EXERCISE DETAILS »
In this exercise, retype exactly the lines from the start of the entries through the line bearing "世家的珠寶工匠為了Fleur", leaving every picture out.

SUPPLIED ENTRIES »
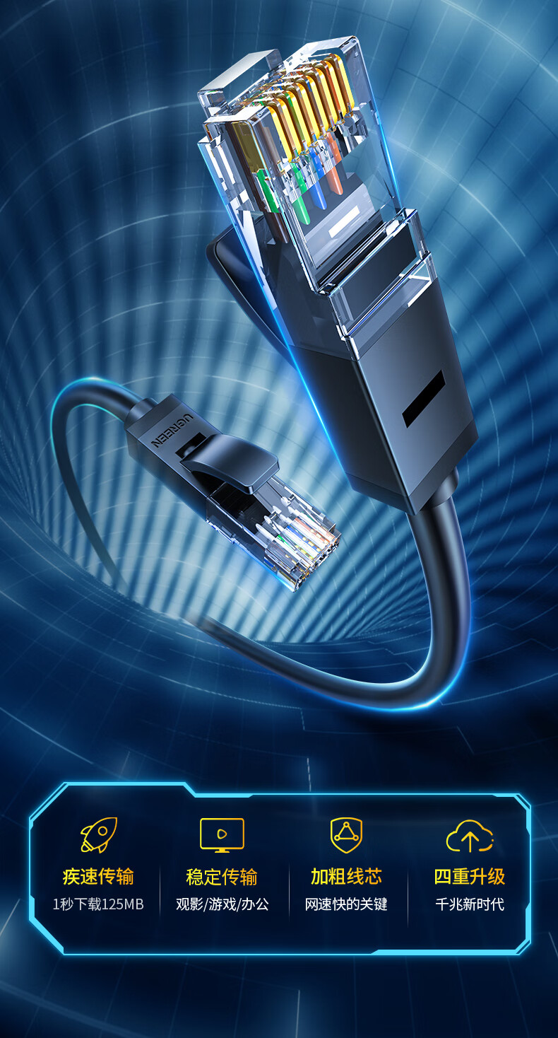 商品名称:【精选】绿联 20161 3米 六类网线 (计价单位:条) 黑色
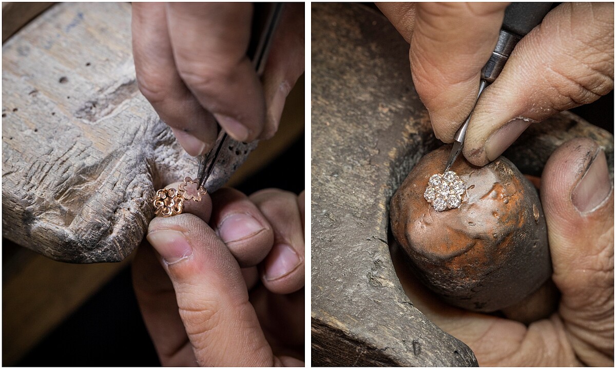 世家的珠寶工匠為了Fleurette系列更是各施本領,利用鏤雕工藝巧妙地將底座結構鏤空,令光線得以穿透圓鑽綻放燦光,隱密鑲座巧妙運用粒鑲及「V」形鑲爪技術,令每顆鑽石彼此緊貼交織炫目光暈,最終再經由反覆拋光締造小巧卻擁有極致璀燦光華的唯美之作。
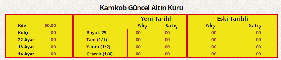 Normal şartlarda Kamkob’un resmi internet sitesinde külçe, 22 ayar, 18 ayar, 14 ayar altın fiyatlarının yanı sıra çeyrek, yarım, tam ve büyük altınların alış-satış fiyatları günlük olarak yayınlanıyor. Ancak bugün tabloya giren kullanıcılar, KDV satırından çeyrek altın satışına kadar tüm satırlarda “00 TL” ifadeleriyle karşılaştı.
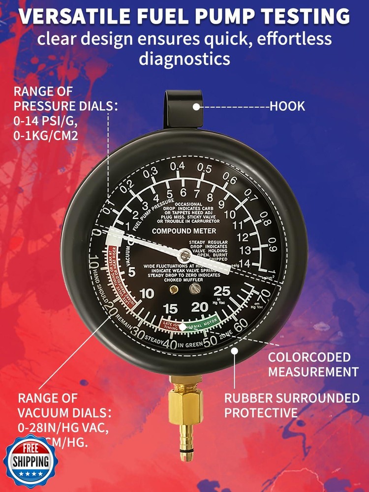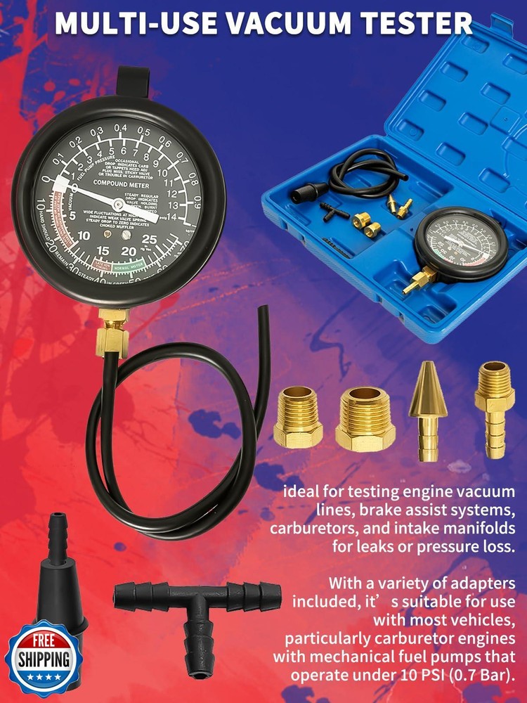 This vacuum gauge is a must-have for any DIY mechanic! It handles fuel pump pressure and vacuum diagnostics with precision, making it super versatile for carburetor engines. The clear readings and durable build make troubleshooting a breeze. Perfect for checking fuel delivery or vacuum leaks—super reliable and easy to use. Highly recommend for quick, accurate diagnostics!
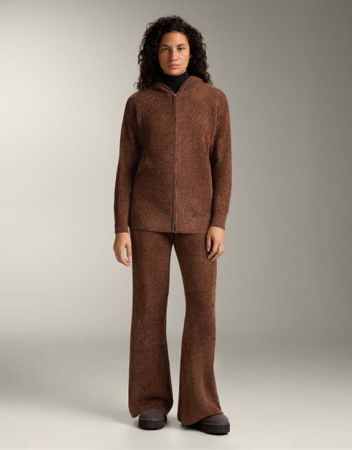 OYSHO - Pantaloni a zampa marroni in ciniglia spessa
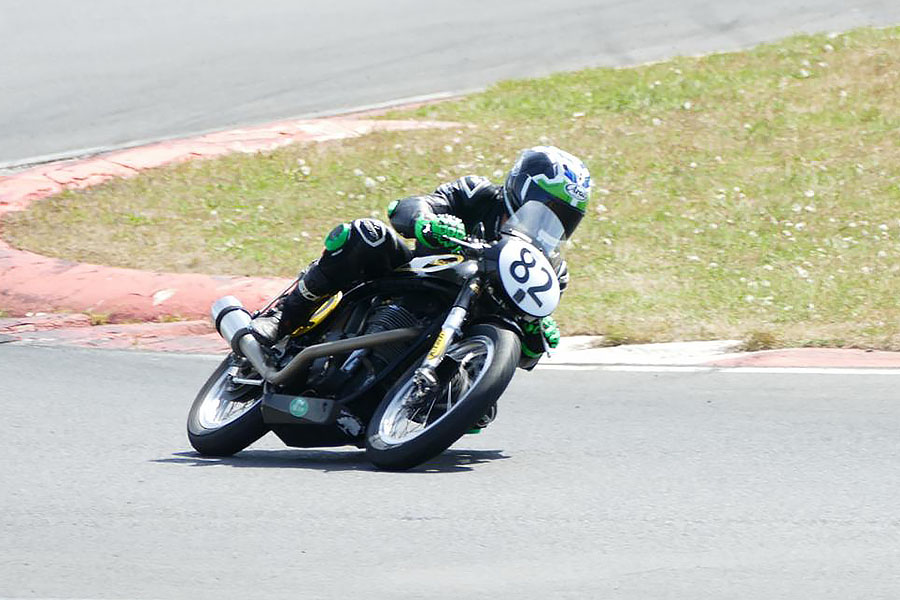 I really pushed on for the next three or four laps before sighting Jake Dettloff ahead. I smiled to myself as he looked back, and I could physically see him react and push on. Spurred on I set after him. My tyres, both back and front (especially the front) protesting, making holding my line very difficult. But still Jake looked back and still the gap decreased until on the last lap I was on him, and then entering the long back straight the front tucks wildly and I’m so close to going down but it only adds to the excitement! I’m close enough to be a barnacle on Jake’s left bum cheek, he signals with a pat on his arse!
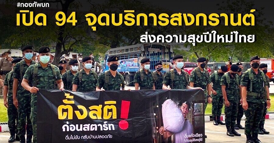 กองทัพบก 12 เม.ย.-ผบ.ทบ. สั่งหน่วยทหารทั่วปท.หนุนส่วนราชการเปิด 94 จุดบริการอำนวยความสะดวกประชาชนเดินทางช่วงสงกรานต์ ลดอุบัติเหตุ ป้องกันโควิด-19
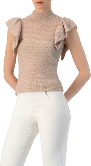 Straight-cut knitted blouse with a high neck and ruffle sleeves

WRITTEN ANSWER »
 商品名称:【精选】绿联 20161 3米 六类网线 (计价单位:条) 黑色
 世家的珠寶工匠為了Fleurette系列更是各施本領,利用鏤雕工藝巧妙地將底座結構鏤空,令光線得以穿透圓鑽綻放燦光,隱密鑲座巧妙運用粒鑲及「V」形鑲爪技術,令每顆鑽石彼此緊貼交織炫目光暈,最終再經由反覆拋光締造小巧卻擁有極致璀燦光華的唯美之作。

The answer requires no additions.